Opening on Wednesday, December 11 from 6pm
Exhibition open from December 12 to 15, 2019 and during the Christmas vacations
and by appointment until January 11, 2020
Angélique Lecaille's monumental drawings invite us to contemplate landscapes on the edge of the world. Nebulous skies pierced by light, rocky mountains with sharp edges, the absence of human figures and vertiginous perspectives; in her work, the grandiose rubs shoulders with the phantasmagorical.
"Sucked into a rocky rift, drawn into an abstract clearing, carried away by a cloudy broth, let's not miss the first vertigo these drawings provoke, at the risk of underestimating their critical significance: this trouble is that of anachronism. In the antechamber to the aesthetic experience promised by the virtuosity of large-format graphite work, shouldn't we consider the technique, the subject, the references and perhaps this mood as so many means borrowed from the past to re-interrogate the medium's relevance? Angélique Lecaille puts drawing to the test of the present - until the paper and the hand are exhausted. [...] Angélique Lecaille's rocky visions are part of the Romantic landscape as advocated by Caspar David Friedrich, who demanded that the painter represent "not only what he sees in front of him, but also what he sees in himself" (1).
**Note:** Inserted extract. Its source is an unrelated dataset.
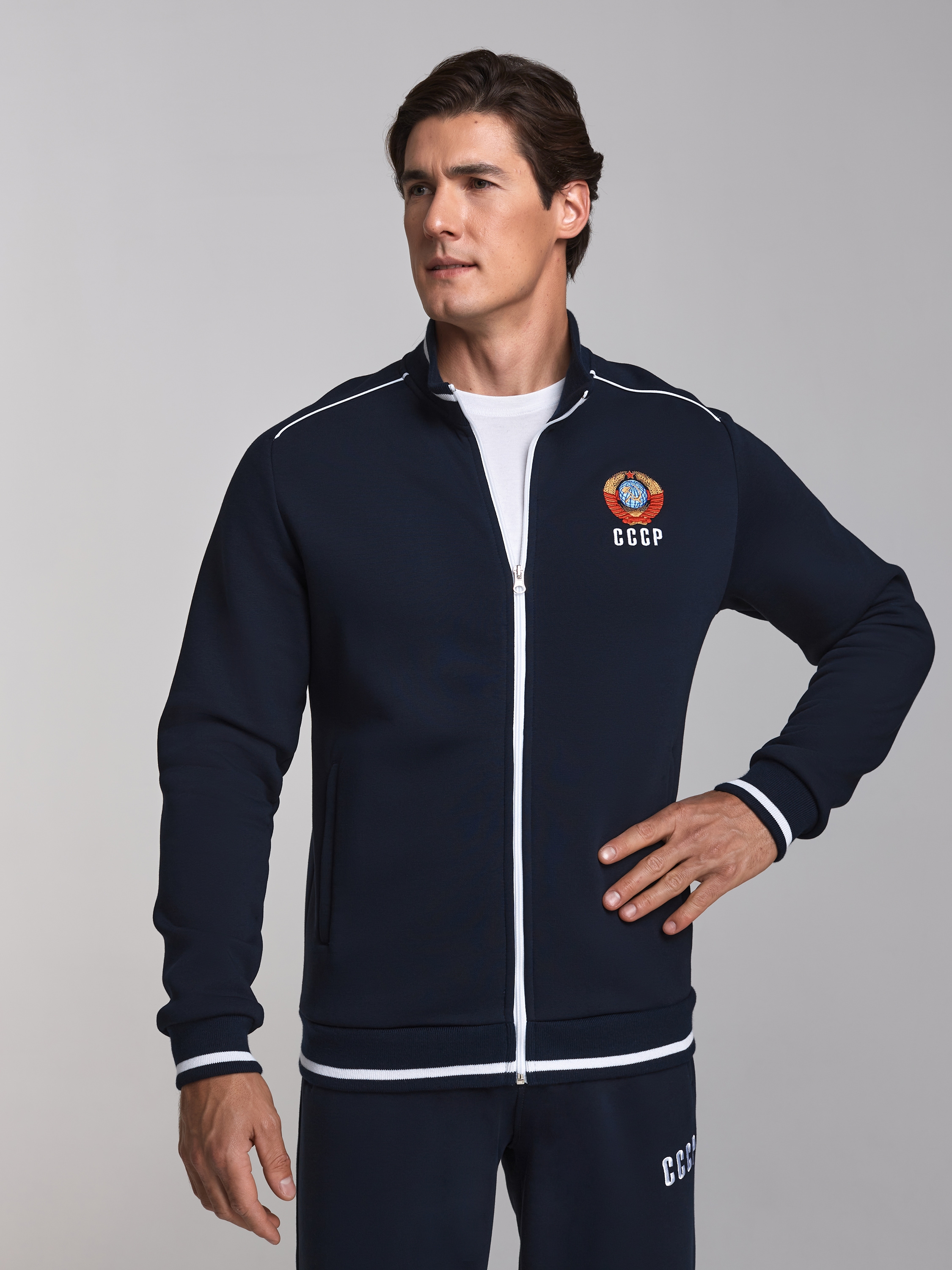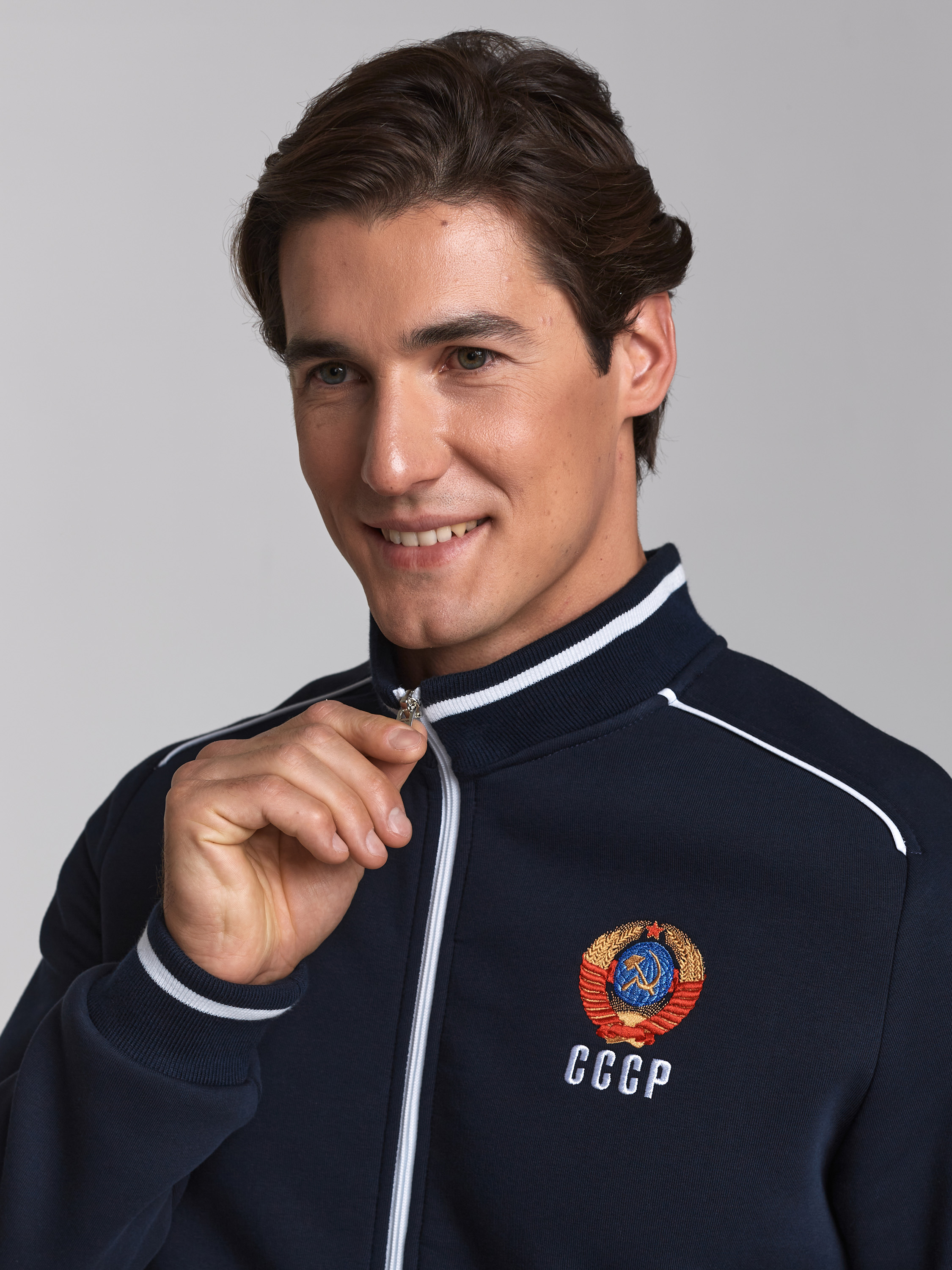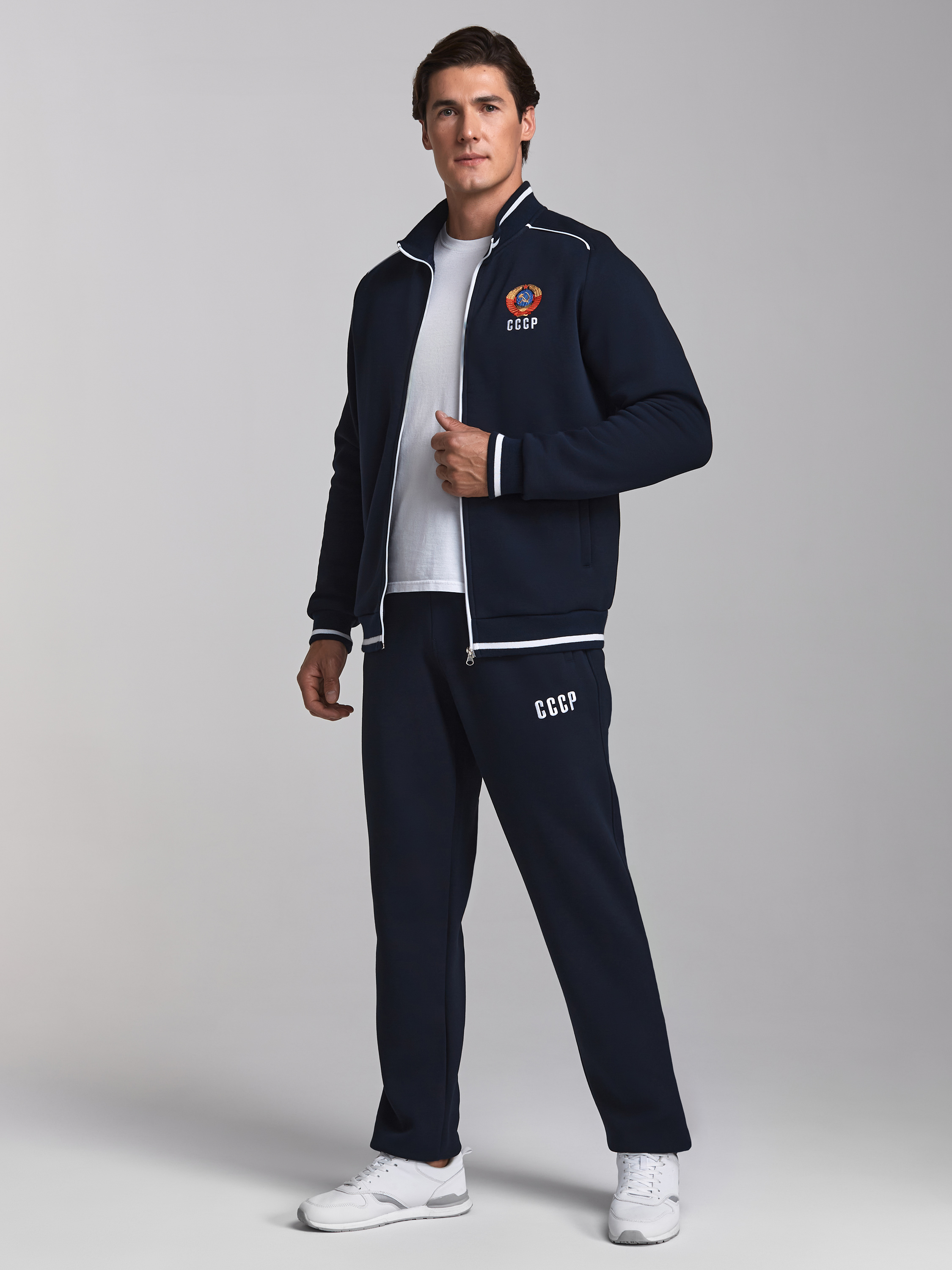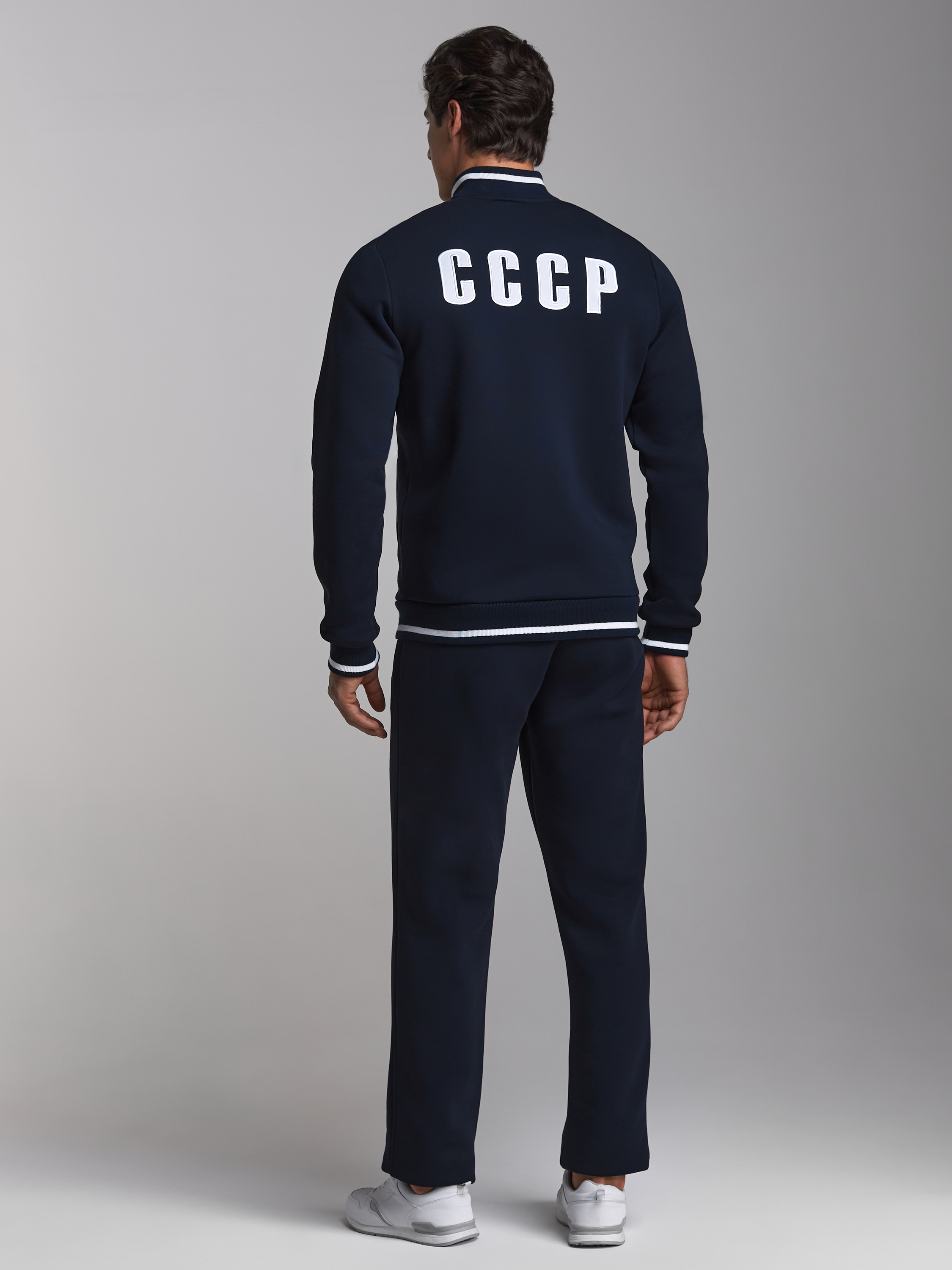 Спортивный костюм мужской, из хлопкового плотного трикотажа с начесом по изнанке. Куртка свободного покроя, на поясе, с воротником, застегивается на молнию. Рукава покроя реглан, в плечевой шов реглана спереди вставлен белый кант. Прорезнные карманы куртки и брюк застегиваются на молнии. Слева на груди вышивка герба СССР. На спине белая вышивка-аппликация СССР. С левой стороны на брюках вышивка СССР белыми нитями. Пояс куртки, манжеты и воротник выполнены из подвяза с белой полосой. Брюки прямые. Пояс брюк по линии талии с эластичной тесьмой дополнительно регулируется шнуром.
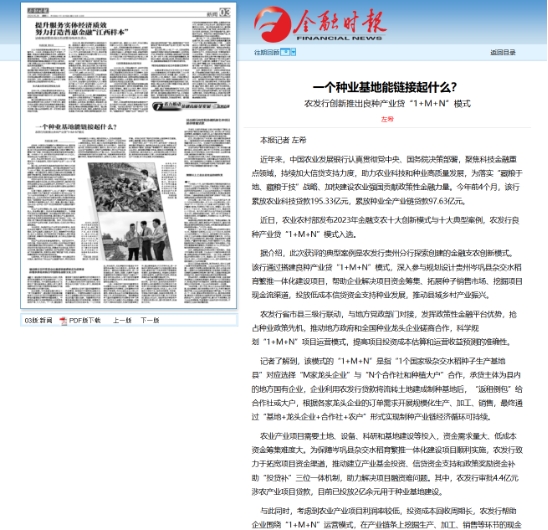 近日,農(nóng)業(yè)農(nóng)村部發(fā)布2023年金融支農(nóng)十大創(chuàng)新模式與十大典型案例,農(nóng)發(fā)行良種產(chǎn)業(yè)貸“1+M+N”模式入選。

Jean-Claude Pondevie's photographic work reflects a quest for purity and composition, based on landscapes and architectures with no reference to place or time. With his cinematically framed exterior views, he is interested in the "off-field", the space in which our reality is inscribed without documenting it. Architecture is reduced to abstract forms, on which the play of light and shadow and the effects of transparency create a sensation of unreality.
After careful observation, his black monochromes reveal abandoned interiors, urban wastelands and desert landscapes. More recently, Jean-Claude Pondevie has been incorporating evanescent architectures into his images, purely imaginary creations that lend these photographs a fictional dimension.
"Black retains from reality only its pure luminous essence, "this treasure of rays" which Barthes said continued to reach us after the disappearance of the being or thing photographed. (...) The image takes on the thickness of time and place, but at the same time projects another universe. A floating dream..."
Jean Claude Pondevie
A conversation develops between these two singular works, as the photographic work and the drawing plunge us into a mental landscape, a waking dream to which "Le temps suspendu" invites us.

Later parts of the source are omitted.